Saving Whales From Deafness

Air Date: Week of

Sonar use can cause whales to beach themselves. Here, volunteers attempt to keep body temperatures of beached pilot whales from rising at Farewell Spit, New Zealand. (Photo: Chagai, Wikipedia public domain)

Numerous scientific studies link underwater sonar and explosives use and ship strikes to thousands of marine mammal deaths, mass strandings and damage. The Natural Resoures Defense Fund filed a suit to challenge a U.S. Naval plan to conduct testing off Hawai’i and southern California. NRDC senior attorney Zak Smith tells host Steve Curwood about their case how the ruling will help protect marine populations and habitats from harmful Naval assaults.



Transcript

CURWOOD: The history of whales and humans has not been happy – at least for whales. We hunted some species nearly to extinction, and several countries don’t observe the current hunting ban. Plenty of whales are also maimed or killed by huge cargo ships that plough into them, fishing nets and lines that entangle them and incessant ocean noise that deafens them. Well, now there’s a modest victory for whales off southern California and Hawai’i. In response to a lawsuit brought by the Natural Resources Defense Council, the navy will restrict its use of damaging sonar in key whale habitat. Zak Smith is a senior attorney with NRDC – welcome to Living on Earth, Zak!

SMITH: Thank you.

CURWOOD: What exactly did the Navy agree to do here?

SMITH: Well, the Navy agreed to do several things, most importantly they agreed to set aside certain areas within their range where they conduct training and testing activities and set aside those areas where they won't use particular types of technologies that are dangerous for marine mammals such as sonar and use of explosives. We identified those areas in Hawaii and Southern California that are important to marine mammals and many of those were set aside where they’ll no longer conduct those kind of activities. We also got an agreement that should help reduce the incidence of ship strikes, which are problematic for blue whales and other great whales that migrate along California's coast.

CURWOOD: How did this all come about?

SMITH: Well, it's a long story and I'll give you the short version.

CURWOOD: OK.

SMITH: In 2000, there was a mass stranding of beaked whales and other species in the Bahamas and very quickly some scientists started to link it to the Navy's use of sonar in that area. And a report over time was conducted by the Navy and the National Marine Fisheries Service, which concluded that sonar was in fact the cause of those strandings and deaths of those marine mammals. And kind of since that time, literature has developed, scientific research has been conducted, and NRDC has had several lawsuits in which we have challenged the adequacy of the Navy and the fisheries services analysis of impacts.
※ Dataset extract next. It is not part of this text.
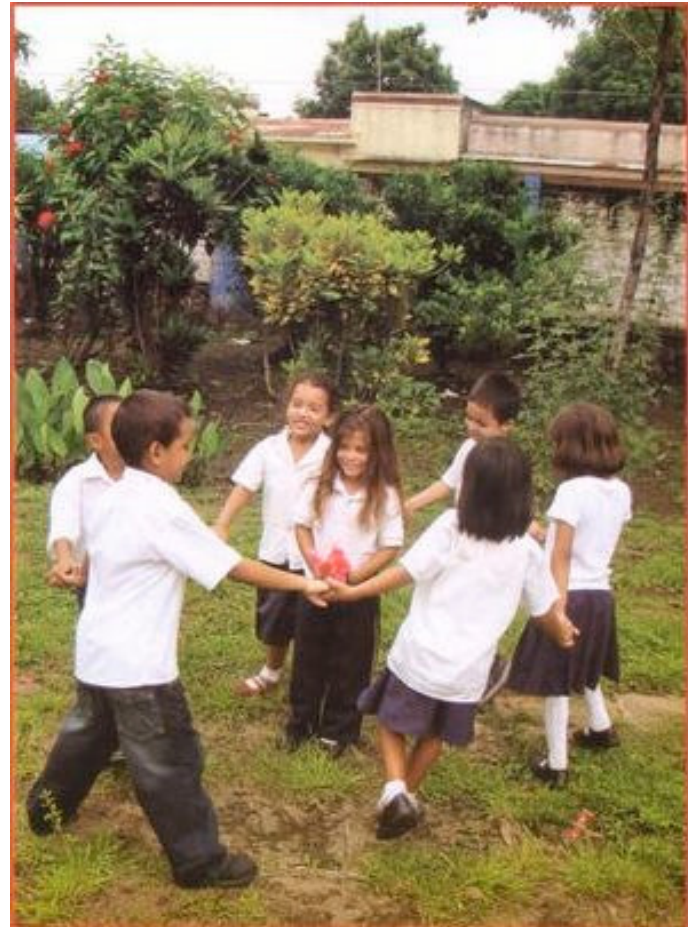
בשירת פינו אנו מתקרבים לאחרים
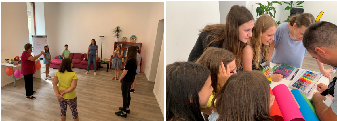
Primjer: fotografije snimljene za pretraživanje prikupljanja sredstava (ne objavljuju se zbog odobrenja)

Neda je pokrenula projekt za djevojčice i mlade žene u dobi od 12 do 18 godina. Program koji su razvili psiholozi u Nizozemskoj služi za osnaživanje djevojaka i njihovu podršku u njihovom razvoju. Iskustva pokazuju negativne utjecaje interneta, društvenih medija i stereotipnih uzora (model, pjevačica, glumica itd.) To dovodi do povećanog rizika od problema s mentalnim zdravljem kao što su depresija, poremećaji prehrane i nisko samopoštovanje. Djevojke se često osjećaju nesigurno i udaljeno od svoje obitelji. Doživljavaju odbijanje svoje dobne skupine. To je doba kada su u potrazi za vlastitim identitetom i postavljaju pitanja: Tko sam ja? Što bih mogla postati? Što ja zapravo želim?

So that story kind of continued until close to two years ago, year and a half ago, we sued over the Navy's five-year plan to conduct training and testing activities in Southern California and Hawaii where their own models estimated more than 9.5 million incidences of harmed mammals over five years, hundreds of deaths they asked for authorization for. So, we sued and said that they hadn't done adequate analysis, that they had not prepared adequate measures to protect marine mammals, and we won in court on all claims under the Endangered Species Act, the Marine Mammal Protection Act. And then the question was: Well, how do we then remedy their violations of law? And that's the settlement that we just reached.
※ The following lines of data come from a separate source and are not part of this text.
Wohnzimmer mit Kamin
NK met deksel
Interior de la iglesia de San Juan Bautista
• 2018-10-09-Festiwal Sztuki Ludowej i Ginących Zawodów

The MK18 sonar is prepared for launch off a rigid-hulled inflatable boat during during the 2011 Mine Countermeasures Science and Technology Demonstration of the Office of Naval Research. The demonstration, hosted by Naval Surface Warfare Center, Panama City Division, is a two-week, in water demonstration testing the latest mine countermeasures mission naval capability technologies. Thirteen projects are participating in the event from June 13-24 off the coast of Panama City Beach, Fla. (U.S. Navy photo by Craig McDonnell/Released)

CURWOOD: How a big deal is this from the perspective of cetacean conservation?

SMITH: This is very important. I mean, it's a huge victory for conservation for marine mammals because what it does is for the first time says, “How can we achieve those national security goals and the training goals that we have while at the same time maximizing protection for marine mammals?” And so, that's for the first time you see that the Navy and the fisheries service sitting down, looking at the biologically important areas that have been identified for different species throughout the ranges and trying to determine whether or not they could set aside those areas or take other steps to limit harm in those areas. And that's something that the Navy had been resisting doing for years and so in that sense it's incredibly significant and it’s a model that should be used for the Navy going forward and could be applicable to other agencies as they plan activities along our coasts.

CURWOOD: By the way, how does sonar impact whales and dolphins?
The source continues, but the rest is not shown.